What is being asked> Reproduce the listing below exactly, beginning with its first line and ending with the line that holds "Albert Museum |"; pictures are not part of the copy.

Information supplied>
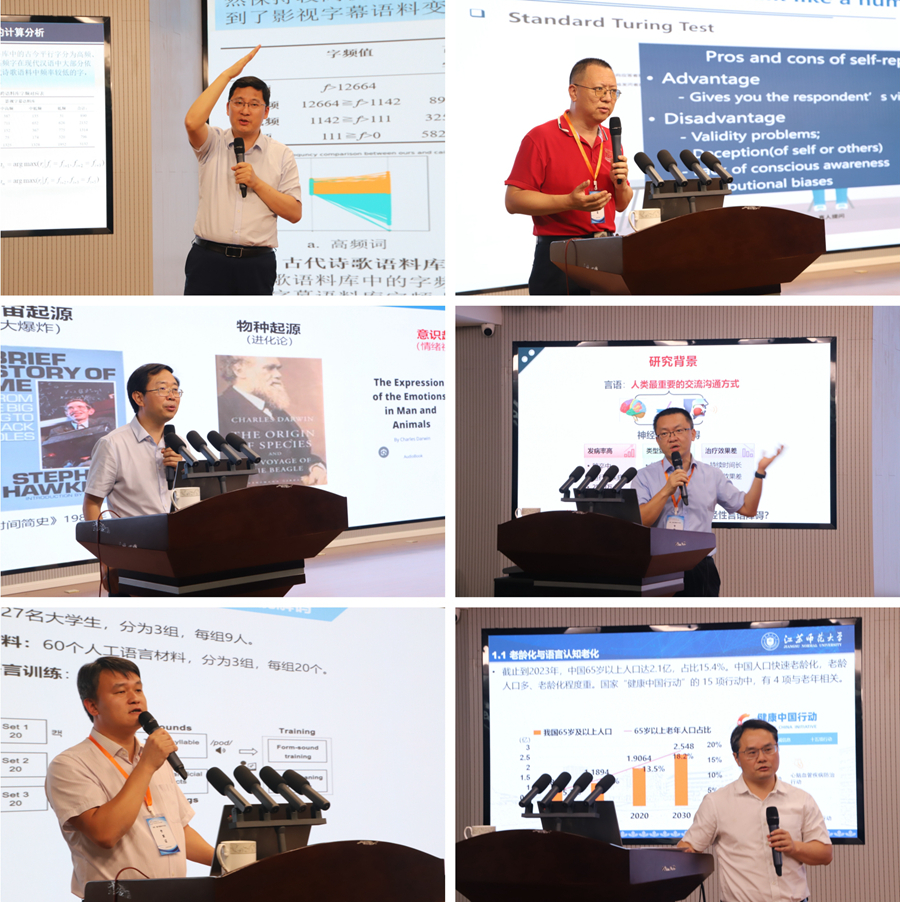 国际人类脑图谱学会(OHBM)主席、北京大学讲席教授高家红首先分享了《人脑成像技术及其在认知研究中的应用》;华东师范大学心理与认知科学学院教授蔡清做了题为《大脑中的语义表征和加工》的报告;香港中文大学语言学及现代语言学系副教授冯刚毅的报告聚焦于《语言学习与加工的大脑动态表征》;上海科技大学计算认知与转化神经科学实验室主任李远宁教授做了题为《语音感知与表达的神经机制、模型与脑机接口》的报告;江苏师范大学副教授胡伟在《语言神经基础的分子生物学视角》的报告中,介绍了全基因组测序、基因编辑技术及脑类器官等新技术在语言研究中的应用前景;中国科学技术大学张效初教授做了题为《人对AI的感知与态度研究》的报告;南京师范大学心理学院院长陈庆荣教授分享了《古诗阅读的计算和认知神经机制》;中国科学院心理研究所研究员杜忆做了题为《人脑的皮层拓扑组织模式支持语义提取的脑网络动态交互模式》的报告;北京师范大学心理学部认知神经科学与学习国家重点实验室教授、IDG麦戈文脑研究院教授秦绍正做了题为《人脑情感认知的心理表征及其计算机制研究》的报告;中山大学附属第一医院康复医学科研究员刘汉军做了题为《经颅磁刺激联合因果推断分析揭示言语产生因果性机制的研究》的报告;华南师范大学心理学院教授、教育部哲学社会科学“儿童青少年阅读与发展” 实验室副主任梅磊磊做了题为《词汇阅读中左腹侧颞枕皮层的功能解析》的报告;江苏师范大学语言科学与艺术学院副院长、江苏特聘教授朱祖德做了题为《从健康老化到病理老化的语言退化不平衡特征》的报告。一场场特邀报告精彩丰呈,学者们交流了研究成果,也为与会师生代表贡献了一场学术盛宴。
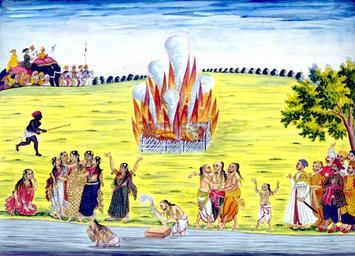 | Keywords: Sati ceremony.jpg en The pictures made by Indian artists for the British in India are called Company paintings This one depicts the practice of sati suttee or widow-burning The word is the Sanskrit for 'good woman' or 'true wife' It was applied to the Hindu widow who makes the supreme sacrifice by following her husband onto the funeral pyre Although suppressed in the 19th century isolated instances of sati still occur in India even today circa 1800 painted ca 1800 made http //collections vam ac uk/item/O15842/painting-sati-ceremony/ Unknown production PD-old-100 Uploaded with UploadWizard Sati Company style Art of India in the Victoria and Albert Museum |
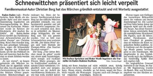 (...) Zwei Bühnenarbeiter kamen plötzlich auf die Idee, in die Rollen von Max und Moritz zu schlüpfen – und so begann das Stück. (...) Diana Barth als Moritz und Markus Veith alias Max lebten ihre Rollen im wahrsten Sinne des Wortes aus, sprühten förmlich vor Engagement und rissen die Kinder mit. „Ziel ist es schließlich auch, die Kinder zu animieren, kreativ und spontan zu sein“, erklärt die Regisseurin. Der Funke sprang sofort über, was die Schauspieler und besonders Barbara Pittner sichtlich freute.(...)
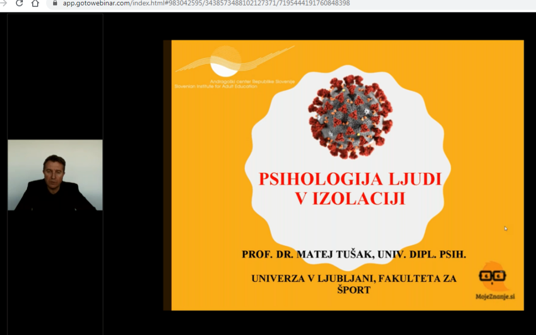 V četrtek, 9. aprila, je na portalu Moje znanje s promocijsko podporo ACS potekal spletni seminar z naslovom Psihologija ljudi v izolaciji. Vodil ga je psiholog dr. Matej Tušak.

Finished exercise>
 国际人类脑图谱学会(OHBM)主席、北京大学讲席教授高家红首先分享了《人脑成像技术及其在认知研究中的应用》;华东师范大学心理与认知科学学院教授蔡清做了题为《大脑中的语义表征和加工》的报告;香港中文大学语言学及现代语言学系副教授冯刚毅的报告聚焦于《语言学习与加工的大脑动态表征》;上海科技大学计算认知与转化神经科学实验室主任李远宁教授做了题为《语音感知与表达的神经机制、模型与脑机接口》的报告;江苏师范大学副教授胡伟在《语言神经基础的分子生物学视角》的报告中,介绍了全基因组测序、基因编辑技术及脑类器官等新技术在语言研究中的应用前景;中国科学技术大学张效初教授做了题为《人对AI的感知与态度研究》的报告;南京师范大学心理学院院长陈庆荣教授分享了《古诗阅读的计算和认知神经机制》;中国科学院心理研究所研究员杜忆做了题为《人脑的皮层拓扑组织模式支持语义提取的脑网络动态交互模式》的报告;北京师范大学心理学部认知神经科学与学习国家重点实验室教授、IDG麦戈文脑研究院教授秦绍正做了题为《人脑情感认知的心理表征及其计算机制研究》的报告;中山大学附属第一医院康复医学科研究员刘汉军做了题为《经颅磁刺激联合因果推断分析揭示言语产生因果性机制的研究》的报告;华南师范大学心理学院教授、教育部哲学社会科学“儿童青少年阅读与发展” 实验室副主任梅磊磊做了题为《词汇阅读中左腹侧颞枕皮层的功能解析》的报告;江苏师范大学语言科学与艺术学院副院长、江苏特聘教授朱祖德做了题为《从健康老化到病理老化的语言退化不平衡特征》的报告。一场场特邀报告精彩丰呈,学者们交流了研究成果,也为与会师生代表贡献了一场学术盛宴。
 | Keywords: Sati ceremony.jpg en The pictures made by Indian artists for the British in India are called Company paintings This one depicts the practice of sati suttee or widow-burning The word is the Sanskrit for 'good woman' or 'true wife' It was applied to the Hindu widow who makes the supreme sacrifice by following her husband onto the funeral pyre Although suppressed in the 19th century isolated instances of sati still occur in India even today circa 1800 painted ca 1800 made http //collections vam ac uk/item/O15842/painting-sati-ceremony/ Unknown production PD-old-100 Uploaded with UploadWizard Sati Company style Art of India in the Victoria and Albert Museum |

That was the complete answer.